悠然過一生 42遇上江南七怪
42遇上江南七怪
韓小瑩來不及阻止,暗歎靖兒真是太老實了,連對方的來歷底細都不知道,就邀請到家裡去。將來行走江湖,只怕會吃大虧。
郭靖卻沒注意七師父在想什麼,他本就不是聰明、心思複雜的人,歡歡喜喜的走上前,從黃裳手中拿到韁繩,拉著黃裳的馬向家中去。一路上都很高興的給黃裳介紹部落的情況,一會兒的功夫黃裳已經對部落和郭靖的情況有了大致的瞭解,郭靖甚至連自己養了一對白雕的事情都告訴了黃裳。黃裳忍不住撫額,郭靖還真是一點心計都沒有,對初次見面的人,就敢推心置腹的,卻又不得不承認,對於一個無私的對自己好的人,你很難不產生好感。
韓小瑩心中擔心郭靖,中途折去找柯鎮惡等人。
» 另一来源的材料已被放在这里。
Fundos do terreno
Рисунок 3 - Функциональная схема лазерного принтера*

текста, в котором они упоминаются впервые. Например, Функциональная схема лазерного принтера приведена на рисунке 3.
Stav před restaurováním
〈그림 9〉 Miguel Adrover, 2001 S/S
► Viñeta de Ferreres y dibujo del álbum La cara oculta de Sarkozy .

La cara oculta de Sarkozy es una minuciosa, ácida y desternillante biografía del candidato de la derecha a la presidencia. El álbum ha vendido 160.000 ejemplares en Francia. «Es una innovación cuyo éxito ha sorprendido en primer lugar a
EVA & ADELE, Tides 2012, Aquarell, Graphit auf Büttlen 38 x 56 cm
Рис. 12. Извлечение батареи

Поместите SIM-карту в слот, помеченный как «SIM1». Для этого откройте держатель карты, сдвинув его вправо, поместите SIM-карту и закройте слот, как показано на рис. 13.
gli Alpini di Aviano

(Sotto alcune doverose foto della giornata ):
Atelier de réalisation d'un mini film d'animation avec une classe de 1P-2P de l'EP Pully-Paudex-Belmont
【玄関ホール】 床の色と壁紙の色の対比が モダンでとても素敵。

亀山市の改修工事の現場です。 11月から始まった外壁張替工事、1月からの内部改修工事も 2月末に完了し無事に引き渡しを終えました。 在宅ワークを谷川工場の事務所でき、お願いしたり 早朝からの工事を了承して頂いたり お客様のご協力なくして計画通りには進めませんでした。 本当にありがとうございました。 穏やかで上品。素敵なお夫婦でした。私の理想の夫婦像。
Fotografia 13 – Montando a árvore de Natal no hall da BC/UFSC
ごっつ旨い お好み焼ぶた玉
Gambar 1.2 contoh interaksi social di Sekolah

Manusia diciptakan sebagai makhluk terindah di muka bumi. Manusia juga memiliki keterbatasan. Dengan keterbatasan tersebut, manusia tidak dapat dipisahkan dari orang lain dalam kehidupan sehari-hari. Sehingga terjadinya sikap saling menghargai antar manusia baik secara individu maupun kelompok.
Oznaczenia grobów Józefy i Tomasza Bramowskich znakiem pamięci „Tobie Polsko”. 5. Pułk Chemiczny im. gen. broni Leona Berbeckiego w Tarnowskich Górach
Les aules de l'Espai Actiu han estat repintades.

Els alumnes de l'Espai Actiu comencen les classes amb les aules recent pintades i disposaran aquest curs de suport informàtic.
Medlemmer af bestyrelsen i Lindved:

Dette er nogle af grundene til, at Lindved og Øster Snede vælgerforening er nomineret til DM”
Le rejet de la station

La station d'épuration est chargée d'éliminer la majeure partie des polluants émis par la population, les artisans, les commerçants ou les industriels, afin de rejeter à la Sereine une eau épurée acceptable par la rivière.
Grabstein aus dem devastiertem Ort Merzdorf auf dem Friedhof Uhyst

她卻沒細想,若黃裳真是壞人,等她走了,不就可以下手了麼?黃裳看著她的背影,有些好笑。
剛走到蒙古包前,郭靖就大聲喊:“娘,有客人!”
黃裳也不好在騎在馬上,翻身下馬,從蒙古包內走出一個皮膚粗糙、粗手大腳、穿著蒙古人服裝的中年婦女,她對著郭靖笑道:“靖兒,哪來的客人?”
郭靖放開韁繩,把李萍拉到黃裳面前,憨厚的一笑道:“娘,這位是黃裳兄弟,他是從中原來的!”
黃裳黑線,我什麼時候成了你黃裳兄弟了!“郭大嬸,你好!”從馬上取下楊康送的一顆珍珠,塞進李萍的手中:“小小見面禮,不成敬意!”
李萍聽兒子說黃裳是中原來的,眼前一亮,她離開中原十七年,就在也沒有踏入過故土,如今見到故鄉人,心中激動無比,當下對他生了幾分親近之心,將他塞過來的珍珠又塞回去:“公子大老遠來一趟不容易,我也是中原漢人,原本住在牛家村,就是嘉興附近的一個小村子,不知道公子知不知道,十幾年前家裡遇了難,才流落到這裡混黑道的學生。公子和我都是漢人,在這裡能遇上,就儘管住下,我怎麼能收你這麼貴的東西呢!”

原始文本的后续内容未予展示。